━━━━━ Data to examine

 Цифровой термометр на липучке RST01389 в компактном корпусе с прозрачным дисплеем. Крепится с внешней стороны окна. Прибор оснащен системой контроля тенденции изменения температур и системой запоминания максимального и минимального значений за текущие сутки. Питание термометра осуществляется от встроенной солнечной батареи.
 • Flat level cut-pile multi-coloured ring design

━━━━━━━━━━
━━━━━ Data to examine

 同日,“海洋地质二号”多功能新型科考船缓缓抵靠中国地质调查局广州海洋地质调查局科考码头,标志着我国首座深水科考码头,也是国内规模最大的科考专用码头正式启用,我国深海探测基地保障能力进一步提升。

━━━━━━━━━━

* [Task brief]
Within the listing above, the range opens at the line with "Цифровой термометр на" and closes at the line with "multi-coloured ring design". Reproduce exactly the lines of that range, including both ends.

* [Task result]
 Цифровой термометр на липучке RST01389 в компактном корпусе с прозрачным дисплеем. Крепится с внешней стороны окна. Прибор оснащен системой контроля тенденции изменения температур и системой запоминания максимального и минимального значений за текущие сутки. Питание термометра осуществляется от встроенной солнечной батареи.
 • Flat level cut-pile multi-coloured ring design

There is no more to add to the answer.